Wednesday, December 20, 2006

Important Books: A Nation of Victims

The latest book I'll recommend is Charles Sykes's A Nation of Victims. Sykes, a think tank analyst and a radio show host, made an important contribution to public discourse when he published this important book in 1992. The essential point of the book is this: as a nation, America no longer concerns itself with character. Instead, we narcissistically focus on our inflated victimization, being led to this point by self-serving, self-focused psychology. The thesis is strong, well-executed, and the book is a must-read. You will come away from it realizing that you have imbibed far more from secular psychology and the victimization culture than you thought you had.

I can see this trend in my own life. In the past, I've focused so much on my own personal struggles that I've made myself out to be a victim. In reality, I'm not a victim, or not much of one, really. I was unfairly passed over in sports due to my size, but that does not a lifetime of sadness and anger make. We all have hardships. They are a natural part of life and have been ever since the teeth of Adam and Eve first sank into the forbidden fruit. Everyone has some difficulty, some struggle, some hardship in their past. That doesn't make us victims. It makes us humans.

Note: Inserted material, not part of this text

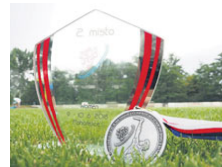
... a trofej z Mistrovství ČR.

Kachny Příbram, tak si říká příbramský team moderní kolektivní hry Ultimate frisbee. Založen byl před dvěma lety v rámci atletického klubu SK Sporting. Z letošního léta se může tento relativně mladý oddíl pochlubit stříbrnou medailí na Mistrovství ČR juniorek a také účasti na mnoha dalších soutěžích. Co to vlastně je frisbee? Jedná se o kolektivní bezkon-

My generation and the one that has raised it are overwhelmingly narcisstic, self-focused, and dramatic. It is as if we are just dying to be stars in tragic movies of our own making. We yearn to be angry and justifiably so. We are desperate for a rebellion to join. We want so badly--so very badly--to be victimized so that we can make a public cause of our victimization. Focused on ourselves, desirous of fame and attention, and oriented to false psychology, we are like the child who, seeking an opportunity to express rage, voluntarily collapses in a heap, weeping and moaning in a fit of its own making. The hilarious thing about all this is that we don't really have much to be upset about. Some do, but most of us are relatively well cared for, happy, and able. We are the strangest of creatures: those who enjoy such peace but fairly beg for pain, if only that we might manifest it to others, and win a hearing in the effort. We need, on a societal level, a mass maturing, and Charles Sykes is here to help us.